Archive for March 2013

A slice of Salami: integrating course and job profile searching

leave a comment »

The Salami Layer

We’ve been developing a prototype of the ‘Salami Layer’ idea first mooted a while back as a result of the University of Nottingham’s Salami project. This is all about linking data together to make useful services for people, and to provide more nodes in a growing network of interoperable data.

Salami focused on labour market information. We’ve been taking it forward in the MUSAPI (MUSKET-SALAMI Pilots) project with a view to producing a hybrid service (or services) that use both the MUSKET text description comparison technology and the SALAMI layer material to link together courses and job profiles.

Salami HTML Demo

Thanks to the skill of our newest member of staff at APS (Jennifer Denton), we now have a demonstrator here: http://81.187.183.45/Salami/salami. It uses recently published XCRI-CAP feeds from The Open University, Courtauld Institute and the University of Leicester as the source of its courses information (noting that these are not necessarily comprehensive feeds). Job Profile information has come from Graduate Prospects, from the National Careers Service and Target Jobs.

The purpose of the demonstrator is to show how we can link together subject concepts that are used to find courses with occupation concepts used to find job profiles. It relies on classifying courses with appropriate terms, in this case JACS3, for the discovery of relevant courses, mapping subject concepts to occupation concepts and then linking in the job profiles. This last task was done by attaching them to the occupation terms (in this case CRCI – Connexions Resource Centre Index – terms), rather than by searching – that will come later. All of these bits were wrapped up in a thesaurus. We then made it all go via a MySQL database, some Java code and a web page. There are some sharp edges still as we haven’t finished cleaning up the thesaurus, but I think it shows the principles.

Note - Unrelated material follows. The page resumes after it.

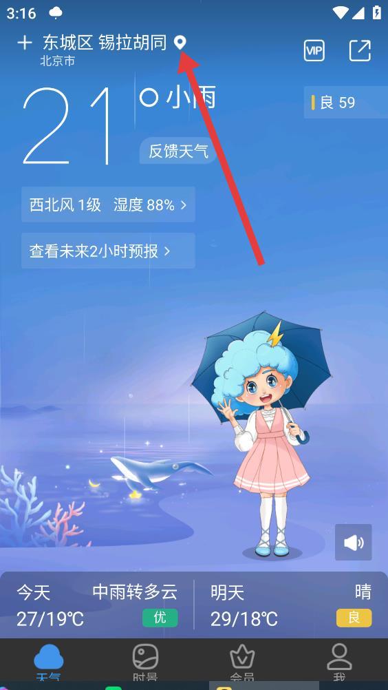 1、打開墨跡天氣,點(diǎn)擊上方顯示的當(dāng)前定位位置。

We haven’t used random keywords, but well known classification systems instead, so that we can develop a discovery service that produces relevant and ranked results (eventually), not just a Go0gle-style million hits listing.

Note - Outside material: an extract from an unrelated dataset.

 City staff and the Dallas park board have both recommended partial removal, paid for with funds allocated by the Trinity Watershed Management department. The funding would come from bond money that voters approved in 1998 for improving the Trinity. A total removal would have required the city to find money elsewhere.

The way the demonstrator works is as follows:

  • Select a term from the drop-down list at the top. This list consists of our thesaurus terms of a mixture of academic subjects for searching for courses and occupation terms for searching job profiles. You can start typing, and it will go to that place on the list. For example try “History of Art”.
  • Then click Select. This will bring up a list of Related Terms (broader, narrower and related terms with respect to your selection), Subject/Occupation Terms (if you’ve picked a subject, it will show related Occupation Terms; if you picked an occupation, it will show related Subject Terms); and Links to Further Information.
salamiDemo1
Salami Demo 1
salamiDemo2
Salami Demo 2
  • You can navigate around the search terms we use by clicking on the Refine button next to the entries in the Related Terms and Subject/Occupation Terms lists. For example, if you click on Refine ‘history by topic’, this changes your focus to the ‘history by topic’ subject, and you can then navigate the subject hierarchy from there. If you click on Refine ‘heritage manager’, this changes your focus to that occupation and you can further navigate around jobs about information services or various subjects.
salamiDemo3
Salami Demo 3
  • At the bottom of the page we have a list of links to further information. These will be either links to relevant courses or to job profiles. The former are drawn from XCRI-CAP feeds, the latter are currently hard-wired into our thesaurus – we’re currently developing a method of using live searches for both types of link. For example, for “heritage manager” we have links to Graduate Prospects and Target Jobs profiles for Heritage Manager.

The upshot of the demonstrator is that we can show how to integrate the discovery of both courses and job profiles (and later on, job opportunities) using a single search term.

Oh-So Thesaurus

The technological underpinning of this is our thesaurus, which has the following broad components.

  • A ‘master’ table of thesaurus terms with attached classifications (in particular JACS3 for subjects and CRCI for job profiles).
  • A table of occupation-subject term links (O>S)
  • A table of subject-occupation term links (S>O)
  • A table of occupation-profile links, currently for implementation of the job profile URLs.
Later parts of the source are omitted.